An abstraction layer that normalizes these differences is essential. Without it, your routing logic becomes entangled with provider-specific handling code:

class ModelClient:
    """Unified interface across model providers."""

    def __init__(self, provider_configs: dict):
        self.providers = {
            name: create_provider(config)
            for name, config in provider_configs.items()
        }

    async def call(self, model_id: str, prompt: str, **kwargs) -> ModelResponse:
        provider = self.providers[model_id]
        raw_response = await provider.generate(prompt, **kwargs)
        return ModelResponse(
            text=raw_response.text,
            input_tokens=raw_response.usage.input,
            output_tokens=raw_response.usage.output,
            latency_ms=raw_response.elapsed_ms,
            cost=self.estimate_cost(model_id, raw_response.usage),
            model=model_id,
        )

Over-Optimization #

It is possible to over-optimize model selection. If you spend more engineering time building and maintaining the routing infrastructure than you save on model costs, you have gone too far. A simple three-tier system (small / medium / large) with static assignment covers 80% of the benefit. Add dynamic routing only when your volume justifies the complexity.

Signs you are over-optimizing:

You have more than five routing tiers with marginal quality differences between them.
Your routing logic has more lines of code than your core agent logic.
You spend more time debugging misroutes than fixing actual agent failures.
The cost of the classifier is more than 10% of the average request cost.

Conclusion #

Model selection and routing is about matching capability to need — not using a cannon to swat a fly, and not using a flyswatter against a bear.

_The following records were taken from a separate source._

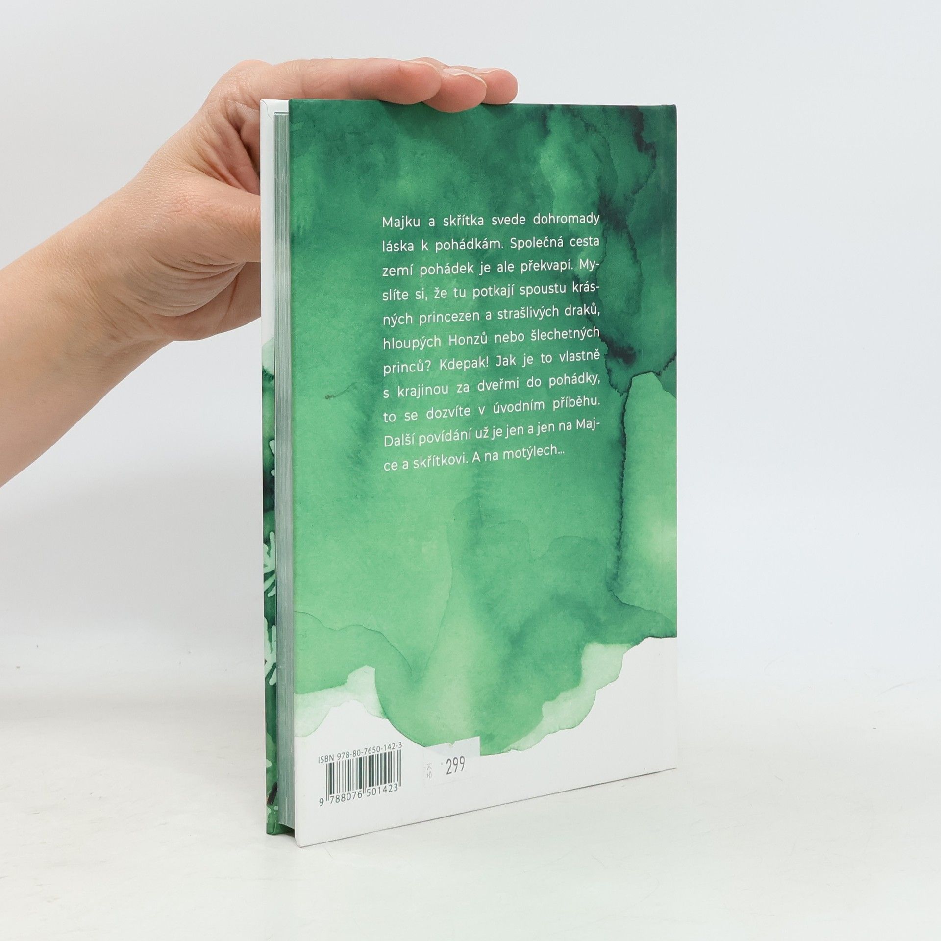 Majku a skřítka svede dohromady láska k pohádkám. Společná cesta zemí pohádek je ale překvapí. Myslíte si, že tu potkají spoustu krásných princezen a strašlivých draků, hloupých Honzů nebo šlechetných princů? Kdepak! Jak je to vlastně s krajinou za dveřmi do pohádky, to se dozvíte v úvodním příběhu. Další povídání už je jen a jen na Majce a skřítkovi. A na motýlech…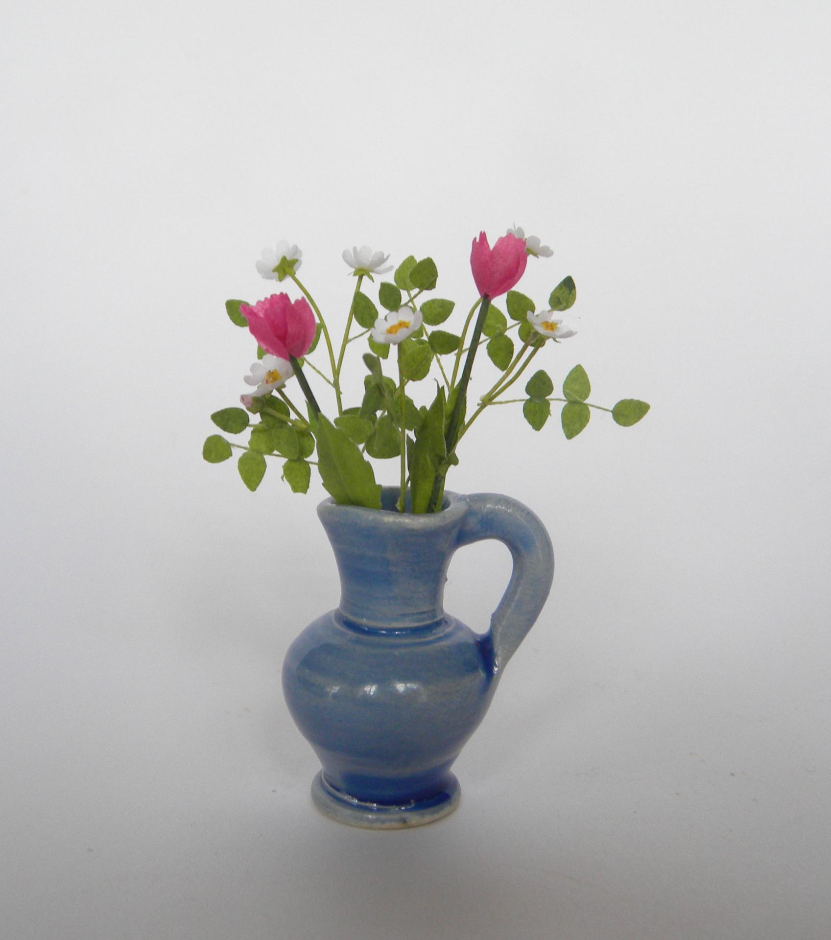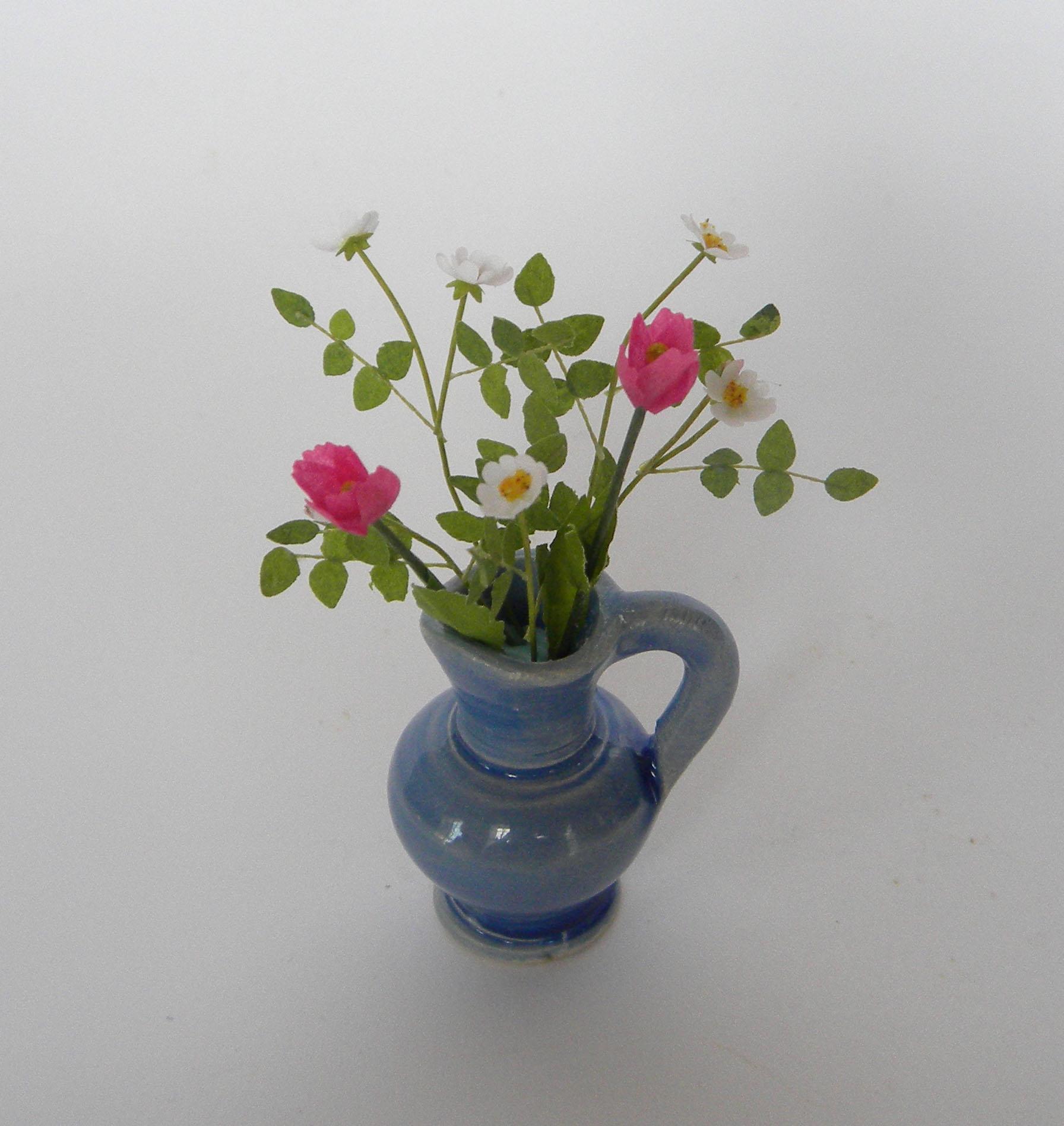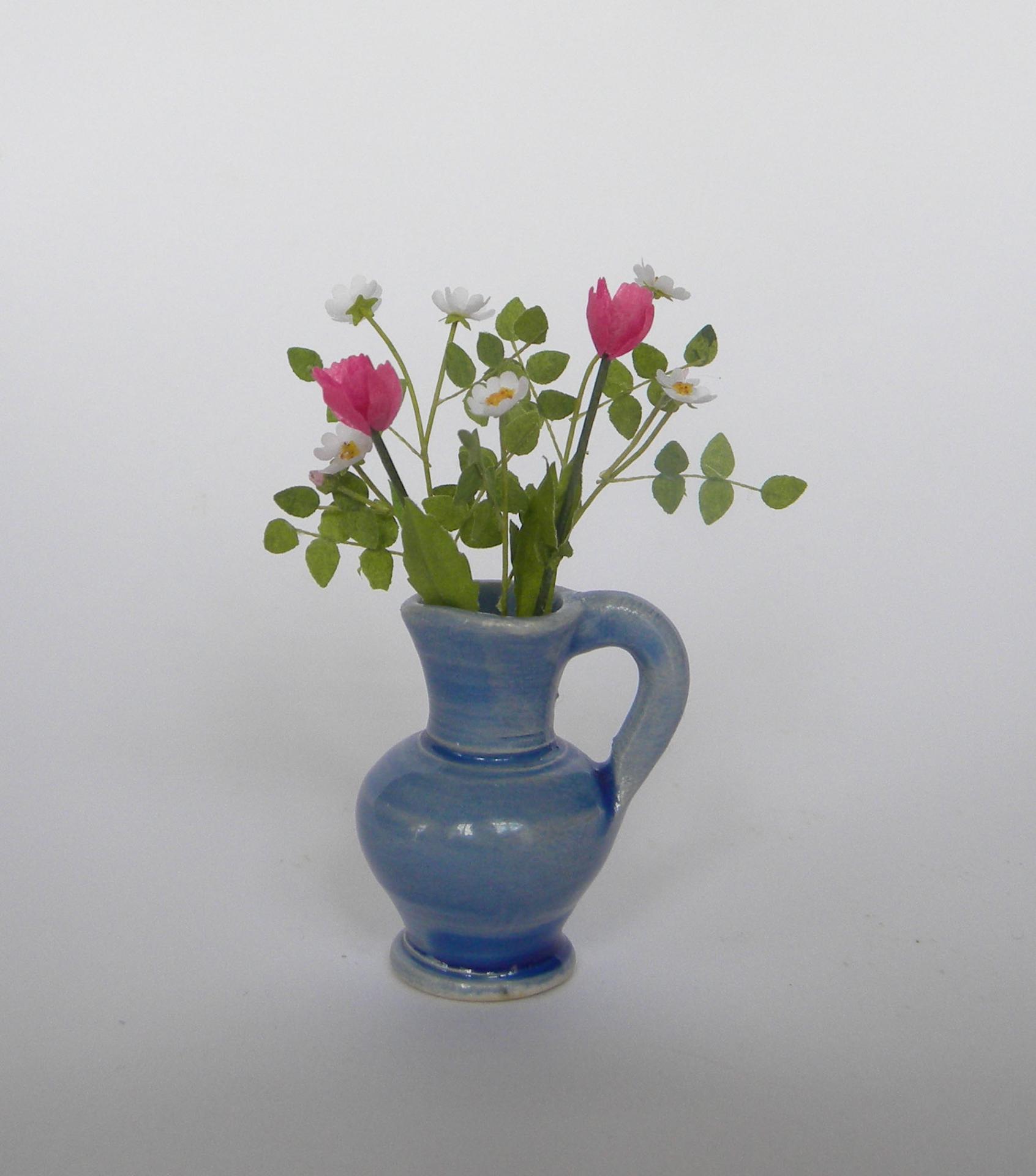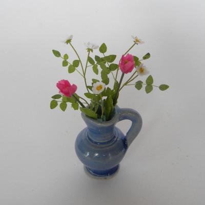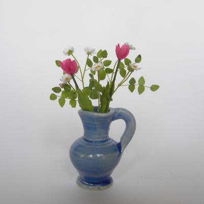 Très printanier bouquet miniature d'églantines et de tulipes roses dans un vase en faience bleue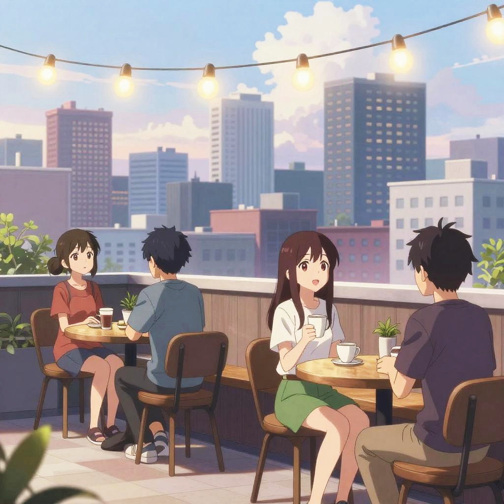 Anime cafe Atlanta rooftop setting, young anime characters chatting under string lights, city skyline background, pastel color palette, detailed anime style, whimsical and casual feel

The cost-latency-quality triangle governs every model choice. No model wins on all three axes. Pick the cheapest model that meets your quality bar for each step.
Static assignment is the simplest approach: hardcode a model per workflow step. Predictable, easy to audit, no routing overhead. Start here.
Dynamic routing classifies inputs at runtime and routes to different models. Use an LLM classifier, a learned classifier, or heuristics. The classifier must be substantially cheaper than the savings it enables.
Cascading tries the cheap model first and escalates if the answer is not good enough. Best when a reliable verifier exists and most inputs are easy.
Task-specific strengths mean routing can be by task type, not just difficulty. Classification and formatting go to small models. Reasoning and generation go to large ones.
Budget-aware routing adjusts model selection based on remaining budget, degrading gracefully as spend accumulates.
Evaluate continuously. Benchmark candidate models on your actual data, set quality thresholds per step, and re-evaluate regularly as models change.
Do not over-engineer. A simple three-tier system with static assignment captures most of the savings. Add dynamic routing only when volume and cost justify the complexity.